Потрескивание полицейского радио. Кто-то, встав на колени, наклонился надо мной.

– Он дышит! Рана на голове. Проверьте спальню!

У меня не было сил шевельнуть ни рукой, ни ногой. Все тело кричало от боли. Вокруг кто-то суетился, бегал, на меня набросили мягкое и легкое одеяло, завыли сирены. Меня положили на носилки, холодный воздух остудил лицо, и я открыл глаза.

Я увидел собственный дом. Стояла глубокая ночь, но, казалось, огни были повсюду: оранжевые лучи уличных фонарей, голубые вспышки маячка скорой помощи.

Надо мной склонился санитар в зеленой форме.

– Держись. Все будет в порядке, сынок.

Меня запихнули в машину. Я вдруг почувствовал невероятную усталость и снова потерял сознание.

Второе пребывание в больнице оказалось короче первого. Меня выписали утром, предупредив, что, если головные боли усилятся, чтоб я снова приехал сюда. Висок, куда пришелся удар, нещадно ныл, а сама голова просто гудела, как большой колокол. Все тело было сплошным синяком.

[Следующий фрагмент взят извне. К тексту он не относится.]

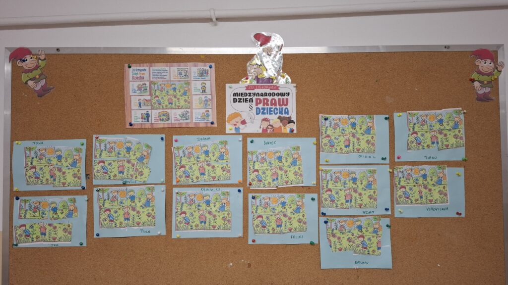 20 listopada przedszkolaki brały udział w obchodach Międzynarodowego Dnia Praw Dziecka organizowanych przez UNICEF Polska. Tego dnia dzieci przyszły ubrane na niebiesko. W każdej z grup zostały przeprowadzone zajęcia o prawach dziecka z wykorzystaniem ciekawych materiałów edukacyjnych. Na zajęciach dzieci zapoznawały się m.in z zapisami Konwencji o prawach dziecka, uświadamiały sobie kim jest „dziecko” i dlaczego wymaga szczególnego traktowania. Ponadto poznawały czym są prawa, a czym zachcianki.

Домой я добирался на такси, ожидая самого худшего. Предчувствия меня не обманули. Квартира была разгромлена, кое-что пропало: золотые запонки, которые родители подарили мне на восемнадцатилетие, видеомагнитофон. И, о ужас, компьютер!

Черт, черт, черт! В нем же были материалы трех лет работы над диссертацией! Я бессильно рухнул на диван и тупо уставился на осиротевший стол. Так, соберись. Это еще не конец света. Где-то тут стояли коробки с бумагами. Господи, хоть бы там были распечатки черновиков!

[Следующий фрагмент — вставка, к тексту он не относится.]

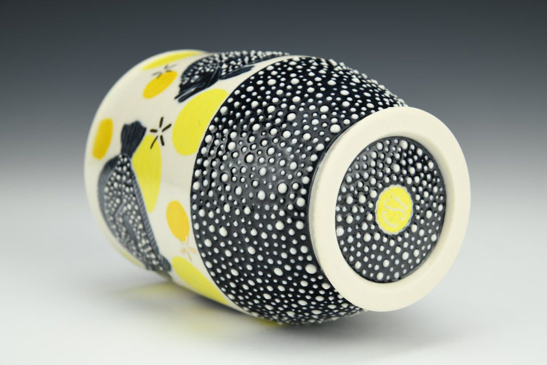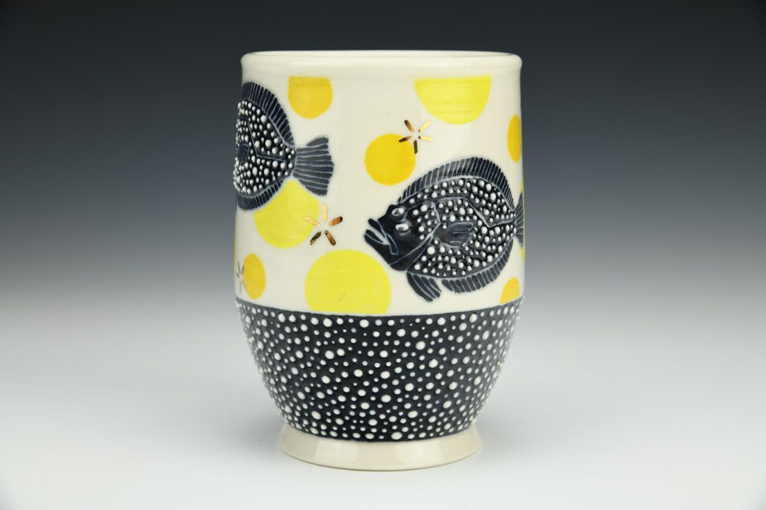 Porcelain, wheel thrown, slip trailed, underglaze painted, glaze, gold luster, cone 6 oxidation fired, 4.75 x 3.25 x 3.25 inches.

Черт! Только несколько набросков и черновики первых трех глав. А остальное? Исчезло. Я уткнулся лбом в колени. Чтобы восстановить все, понадобятся месяцы, долгие месяцы.

Повсюду валялись книги, дверцы всех шкафов были распахнуты настежь. Кажется, я попал. Работы нет. Впереди месяцы унылого переписывания и восстановления всего, что пропало. И Изабель – либо уже мертва, либо томится в какой-то грязной яме в тысячах миль отсюда.

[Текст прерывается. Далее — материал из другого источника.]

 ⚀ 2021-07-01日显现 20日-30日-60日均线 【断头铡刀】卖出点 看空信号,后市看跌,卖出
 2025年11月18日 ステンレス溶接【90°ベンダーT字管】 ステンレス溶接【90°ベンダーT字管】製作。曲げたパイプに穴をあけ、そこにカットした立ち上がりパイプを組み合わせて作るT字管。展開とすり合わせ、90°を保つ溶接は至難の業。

Стоявший на полу телефон зазвонил. Я прополз пару метров, отделявших меня от аппарата, и снял трубку.

– Алло.

– Ник?

Я похолодел. Этот голос трудно было не узнать.

– Да.

– Как поживаешь?

– Ты, черт бы тебя драл, прекрасно знаешь, как я поживаю. Ты же подстроил все: и то, что меня избили, и то, что квартиру разнесли в пух и прах!

– Тебя избили? О, Ник, мне очень жаль. – Эдуарду даже не пытался скрыть иронию. – Кстати, вчера в бразильской прессе была неприятная статья. Очень неприятная. Помнишь, я ведь сказал: я буду присматривать за тобой. И мне хотелось бы, чтобы ты сидел тихо. Ты меня понимаешь?

– Да пошел ты!.. – проорал я и выдернул шнур из розетки.

Чтобы навести порядок, понадобится куча времени. А у меня не было ни настроения, ни сил, так что двигался я еле-еле. Пришел полицейский, сделал опись пропавших вещей. Я рассказал о звонке. А почему бы и нет? Вряд ли им удастся найти какую-то зацепку, которая позволила бы связать Эдуарду с нападением, но хоть чуточку подпортить ему настроение, наверно, можно. Констебль явно решил, что я параноик, обиженный на увольнение, – что, по сути, было правдой, – но обещал во всем разобраться.

Я, наконец, разделался с уборкой и позвонил Расселу Черчу, шефу моей кафедры на факультете русистики.

– Ник, как ты? А я как раз собирался звонить тебе, чтобы сказать спасибо.

– Ты это серьезно? О чем ты вообще говоришь?

– О том, чтобы поблагодарить тебя за спонсорство.

У меня внутри все опустилось. Сволочи поганые.

– Какое спонсорство?

– Мне только что звонил некий господин по фамилии Росс. Dekker Ward хочет организовать программу финансовой поддержки факультета русистики. В течение года они опробуют эту программу, а дальше будет видно.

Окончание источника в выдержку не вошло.